- Available data
=====

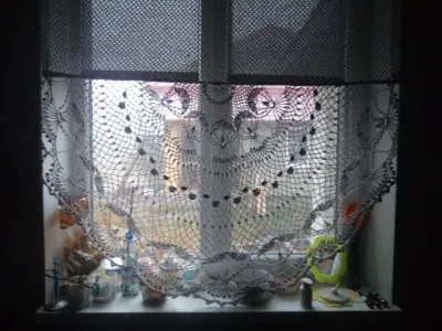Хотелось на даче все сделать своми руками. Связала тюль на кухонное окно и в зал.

=====

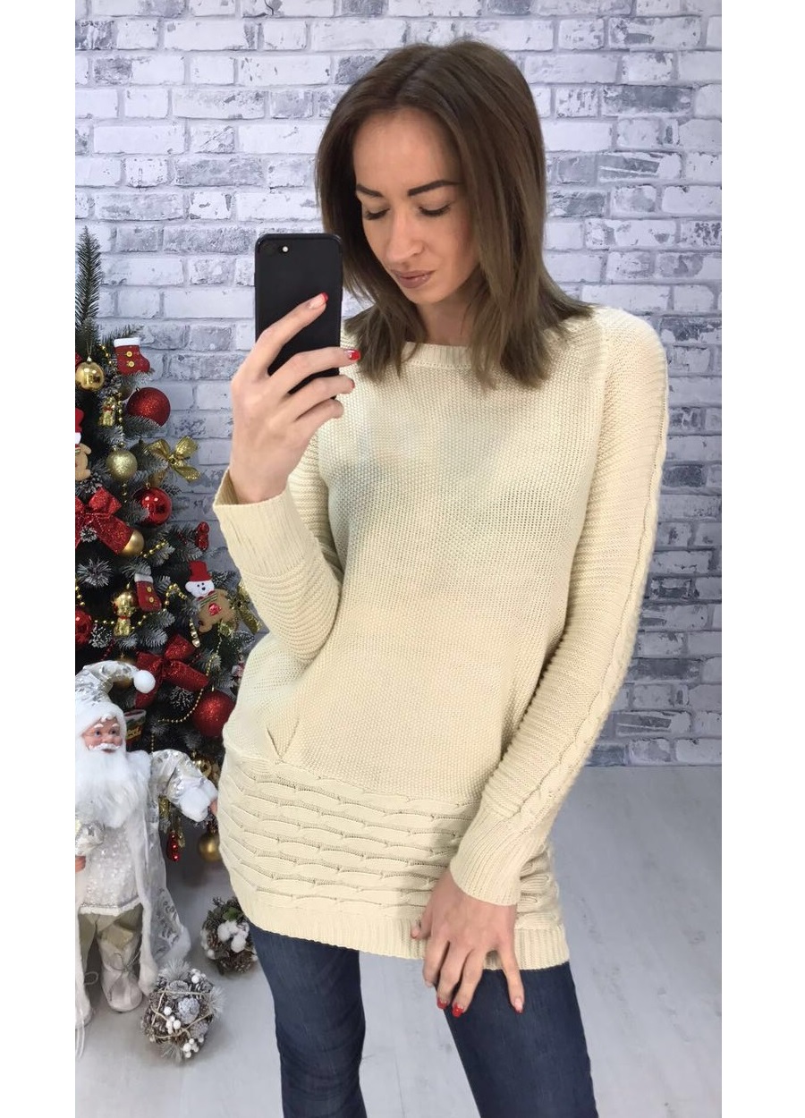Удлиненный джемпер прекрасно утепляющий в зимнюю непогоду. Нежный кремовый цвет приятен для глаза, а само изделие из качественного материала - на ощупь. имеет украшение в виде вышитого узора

=====

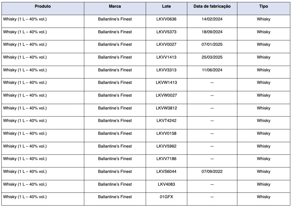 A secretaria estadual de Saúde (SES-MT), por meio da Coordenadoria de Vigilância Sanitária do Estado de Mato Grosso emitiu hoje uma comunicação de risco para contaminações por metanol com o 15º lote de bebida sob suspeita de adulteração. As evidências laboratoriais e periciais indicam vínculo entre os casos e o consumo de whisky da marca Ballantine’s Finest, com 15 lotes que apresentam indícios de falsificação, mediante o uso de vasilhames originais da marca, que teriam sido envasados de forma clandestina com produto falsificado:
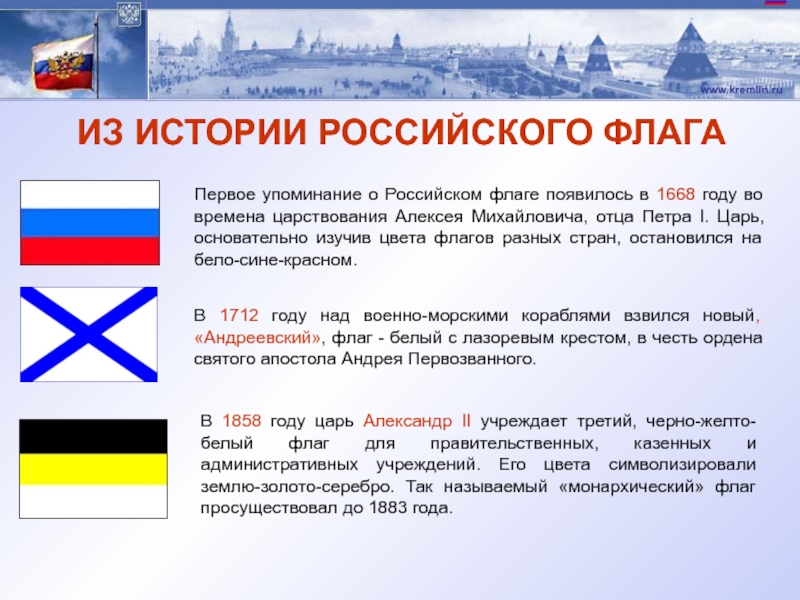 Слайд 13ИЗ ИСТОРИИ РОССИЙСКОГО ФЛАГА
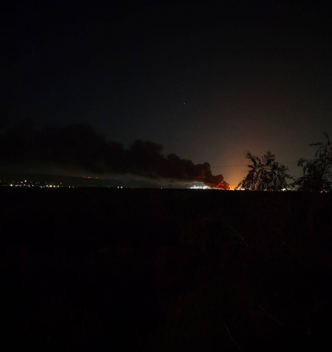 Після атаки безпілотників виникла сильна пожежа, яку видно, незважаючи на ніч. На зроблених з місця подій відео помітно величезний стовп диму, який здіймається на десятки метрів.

=====

- What to do
Find the line with "Слайд 13ИЗ ИСТОРИИ РОССИЙСКОГО ФЛАГА" and the line with "Після атаки безпілотників" in the records above. Copy both and all lines between them exactly, without pictures.

- Response to the task
 Слайд 13ИЗ ИСТОРИИ РОССИЙСКОГО ФЛАГА
 Після атаки безпілотників виникла сильна пожежа, яку видно, незважаючи на ніч. На зроблених з місця подій відео помітно величезний стовп диму, який здіймається на десятки метрів.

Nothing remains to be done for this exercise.